Ané is Undine, a beautiful water (eater) nymph from mythology. An Undine was created without a soul, but by marrying a mortal and bearing him a child she obtained a soul and with it all the pains and penalties of the human race. The origin of the Undines can best be traced all the way back to ancient Greece wherein mythology cites a clan of nymphs called Oceanides claimed the waters of the world as their home. The water nymphs, or water spirits, belonging to the Water Elemental, are usually found in forest pools and waterfalls. They are said to have beautiful voices, which can sometimes be heard singing over the sound of water that entices those that hear it.
Fabi is the Lady of Shalott. According to legend, the Lady of Shalott was forbidden to look directly at reality or the outside world; instead she was doomed to view the world through a mirror, and weave what she saw into tapestry. Her despair was heightened when she saw loving couples entwined in the far distance, and she spent her days and nights aching for a return to normality. One day the Lady saw Sir Lancelot passing on his way in the reflection of the mirror, and dared to look out at Camelot, bringing about a curse. The lady escaped by boat during an autumn storm, inscribing 'The Lady of Shalott' on the prow. As she sailed towards Camelot and certain death, she sang a lament. Her frozen body was found shortly afterwards by the knights and ladies of Camelot, one of whom is Lancelot, who prayed to God to have mercy on her soul. The tapestry she wove during her imprisonment was found draped over the side of the boat.

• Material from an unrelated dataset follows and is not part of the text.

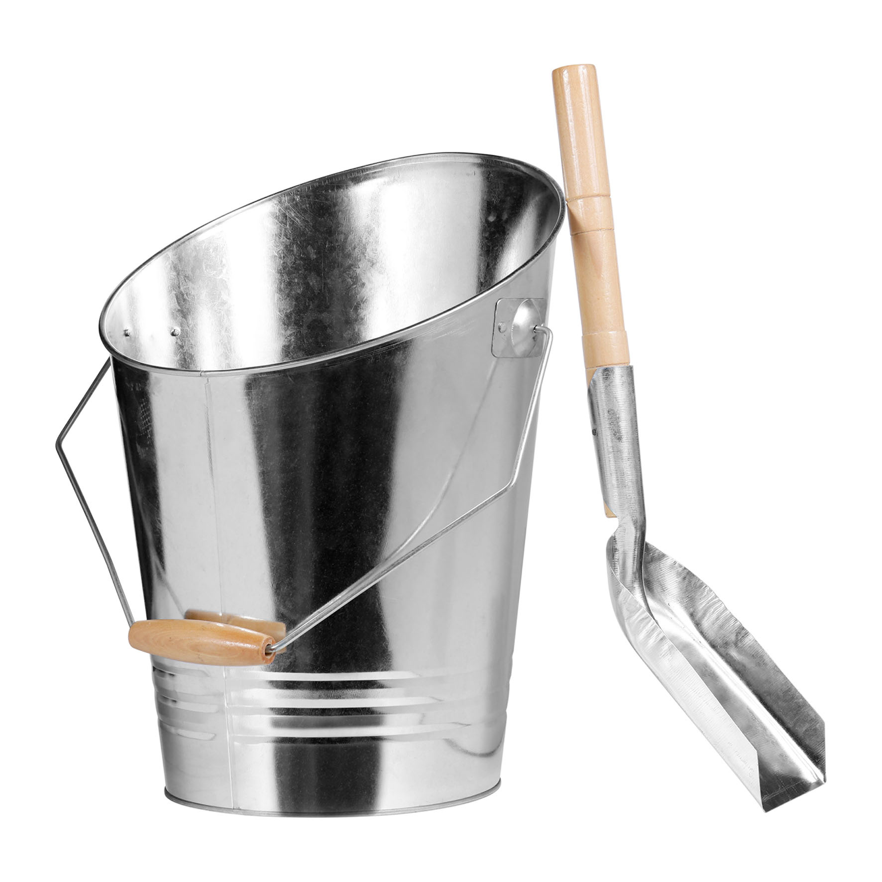 Seau à ouverture oblique. dimensions du seau : Ø 20,5 (en bas) x Ø 26,5 (à hauteur de l'anse) x H 40 cm. Dimensions de la pelle : 11 x H 45 cm.

And finally Jana is Ophelia. Sad and pathetic driven to madness by love. After Hamlet's "To be, or not to be" soliloquy. Hamlet approaches Ophelia and talks to her. He tells her "get thee to a nunnery." Hamlet becomes angry, realises he has gone too far, and says "I say we will have no more marriages", and exits. Ophelia is left bewildered and heartbroken, sure that Hamlet is insane. After Hamlet storms out, Ophelia makes her "O, what a noble mind is here o'erthrown" soliloquy. Later, Queen Gertrude reports that Ophelia had climbed into a willow tree, and then a branch broke and dropped Ophelia into the brook, where she drowned. Gertrude says that Ophelia appeared "incapable of her own distress". Whether her death was an accident or suicide remains a mystery.
There you have it folks, that's us Pre-Raphaelite babes. Not morbid at all. Happy Monday ya'll!